> TASK OBJECTIVE: From the listing below, work out how many lines contain "each". Reply with that number only.

> SOURCE RECORDS:
===

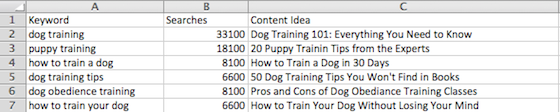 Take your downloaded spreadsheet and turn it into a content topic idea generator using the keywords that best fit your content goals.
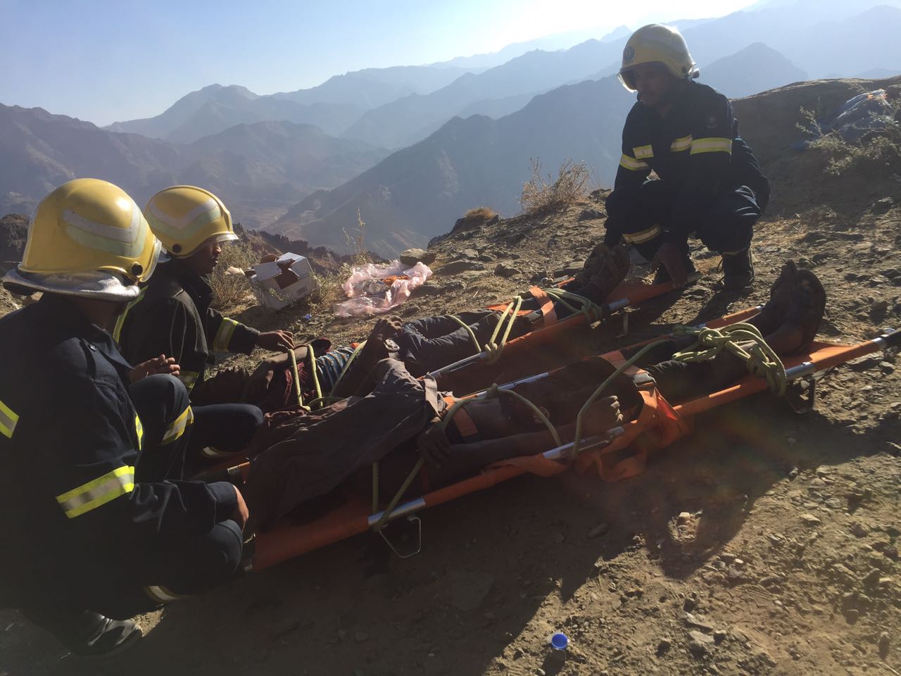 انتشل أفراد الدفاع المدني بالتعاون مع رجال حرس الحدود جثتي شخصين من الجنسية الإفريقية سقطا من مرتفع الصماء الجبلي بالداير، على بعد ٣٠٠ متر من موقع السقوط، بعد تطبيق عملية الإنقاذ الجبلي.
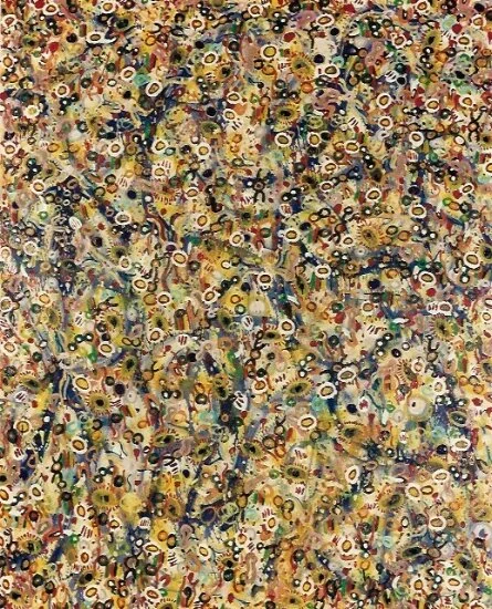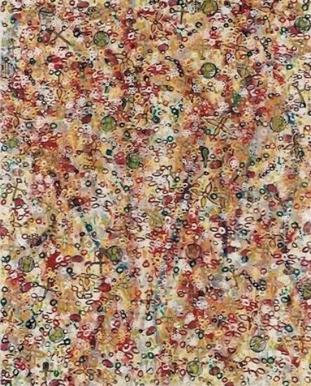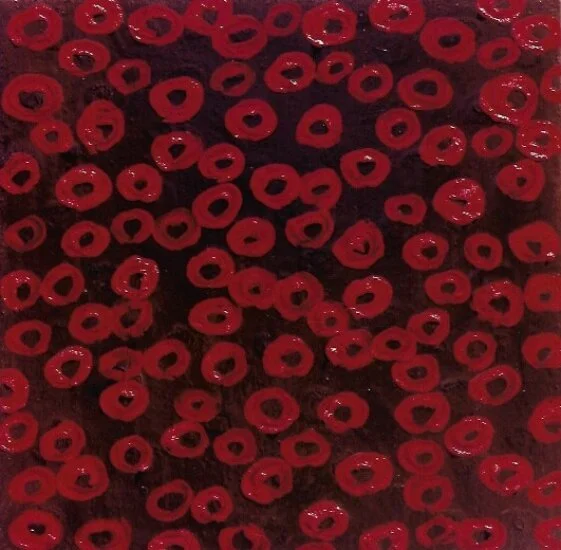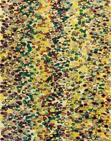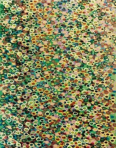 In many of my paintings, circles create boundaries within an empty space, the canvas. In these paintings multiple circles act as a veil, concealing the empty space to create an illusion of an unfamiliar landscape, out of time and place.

===

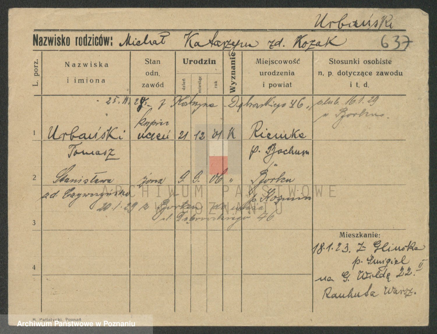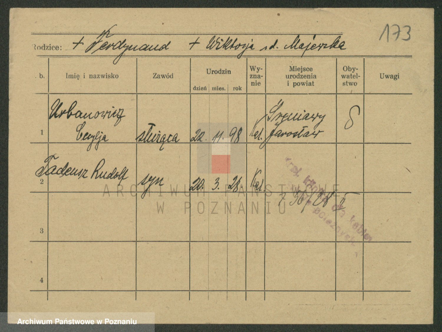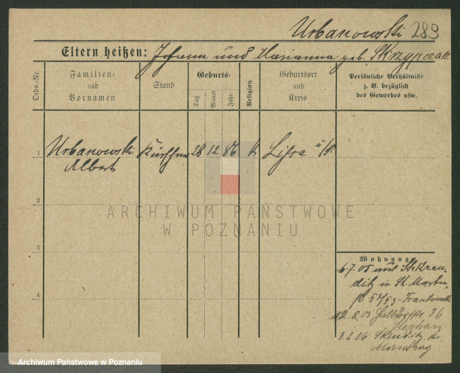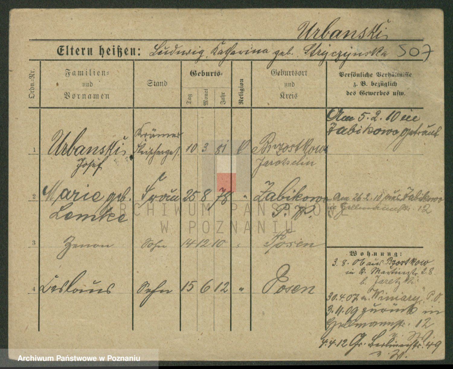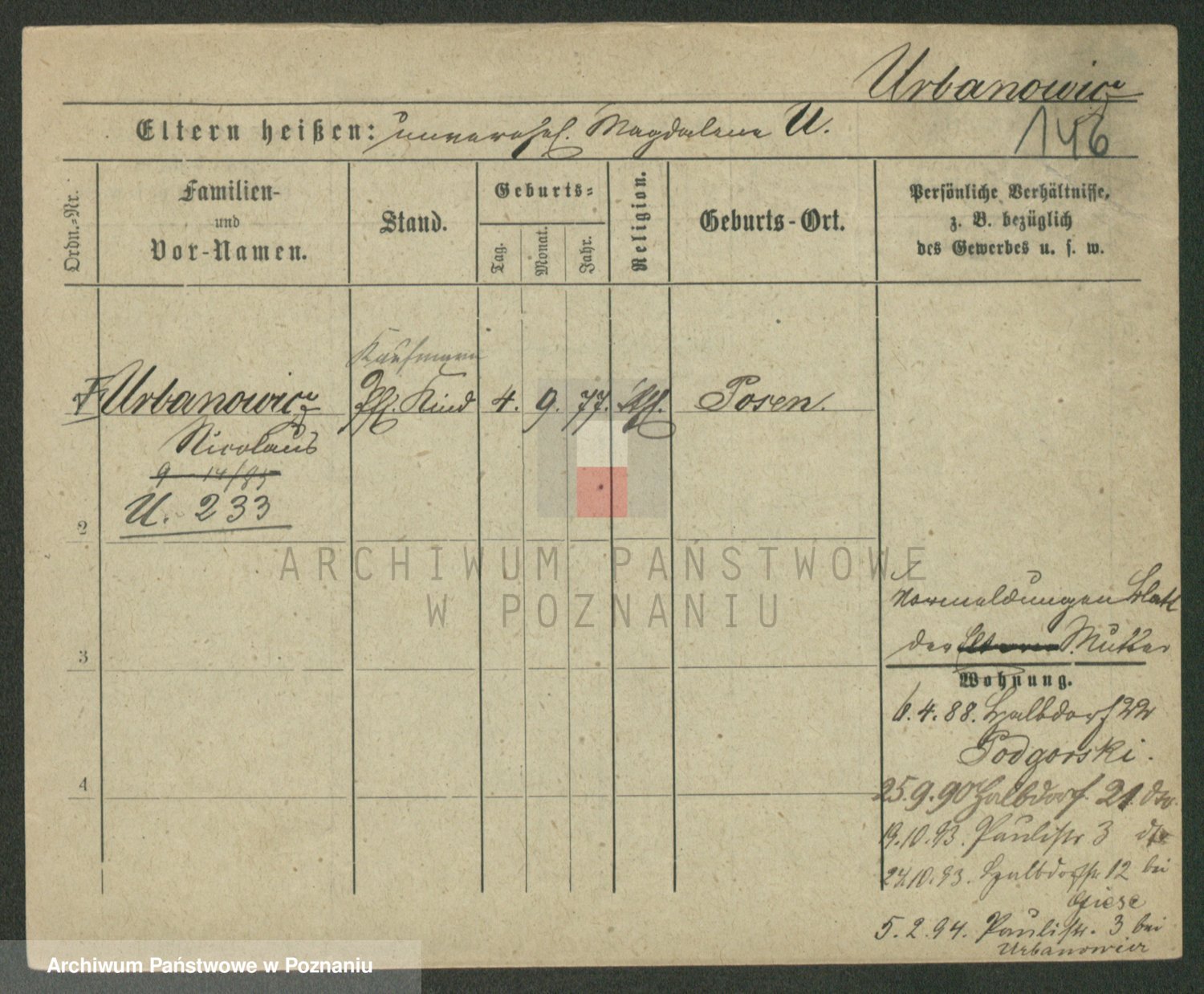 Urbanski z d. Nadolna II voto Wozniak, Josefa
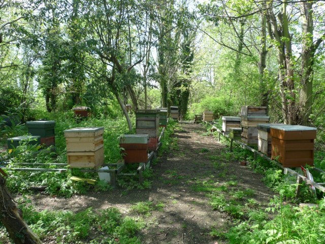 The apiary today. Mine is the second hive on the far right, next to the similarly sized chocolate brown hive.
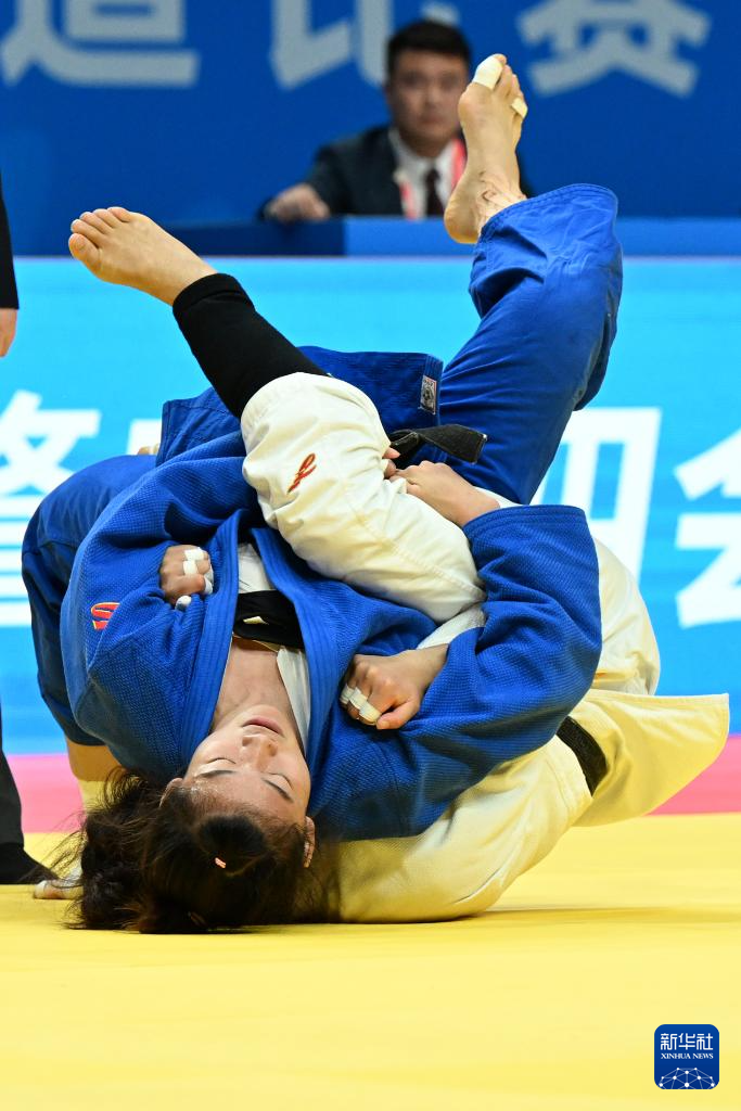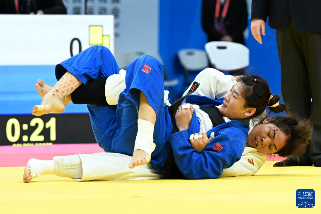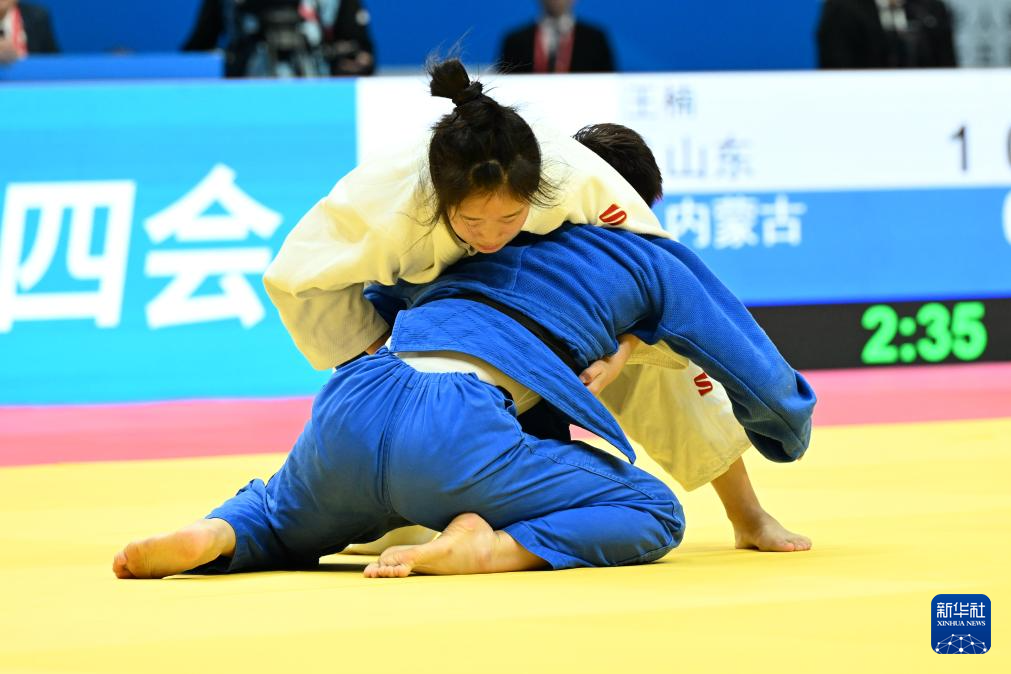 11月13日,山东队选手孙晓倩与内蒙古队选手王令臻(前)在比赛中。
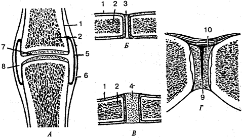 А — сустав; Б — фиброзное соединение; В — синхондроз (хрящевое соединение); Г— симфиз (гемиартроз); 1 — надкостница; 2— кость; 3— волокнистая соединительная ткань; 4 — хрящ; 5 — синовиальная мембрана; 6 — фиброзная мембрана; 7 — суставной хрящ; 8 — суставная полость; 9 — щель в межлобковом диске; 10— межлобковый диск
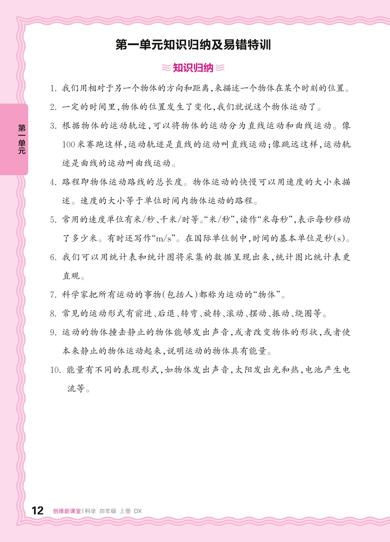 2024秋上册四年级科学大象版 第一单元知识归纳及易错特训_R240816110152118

===

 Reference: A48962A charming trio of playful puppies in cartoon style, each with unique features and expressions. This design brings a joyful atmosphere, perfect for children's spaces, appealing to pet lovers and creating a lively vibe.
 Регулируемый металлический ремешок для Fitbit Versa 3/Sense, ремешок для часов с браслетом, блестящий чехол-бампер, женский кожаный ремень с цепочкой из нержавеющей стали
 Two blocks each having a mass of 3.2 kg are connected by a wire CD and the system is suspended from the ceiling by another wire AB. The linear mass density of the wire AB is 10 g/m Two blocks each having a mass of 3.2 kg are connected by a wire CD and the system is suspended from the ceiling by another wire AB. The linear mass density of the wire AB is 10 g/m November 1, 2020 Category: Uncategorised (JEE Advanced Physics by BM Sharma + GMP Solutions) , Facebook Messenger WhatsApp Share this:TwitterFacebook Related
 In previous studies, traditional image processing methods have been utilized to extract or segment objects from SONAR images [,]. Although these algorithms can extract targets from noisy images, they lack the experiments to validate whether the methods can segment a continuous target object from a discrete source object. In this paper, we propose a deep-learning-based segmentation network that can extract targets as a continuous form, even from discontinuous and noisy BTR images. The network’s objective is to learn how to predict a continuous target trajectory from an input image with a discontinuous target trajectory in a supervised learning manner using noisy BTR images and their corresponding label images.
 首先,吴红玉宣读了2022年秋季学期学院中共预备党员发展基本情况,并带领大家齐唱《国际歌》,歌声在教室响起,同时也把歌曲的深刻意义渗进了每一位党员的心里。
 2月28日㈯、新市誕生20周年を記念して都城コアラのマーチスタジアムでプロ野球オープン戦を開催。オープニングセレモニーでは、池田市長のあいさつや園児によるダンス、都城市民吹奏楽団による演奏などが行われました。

===

> EXERCISE SOLUTION: 2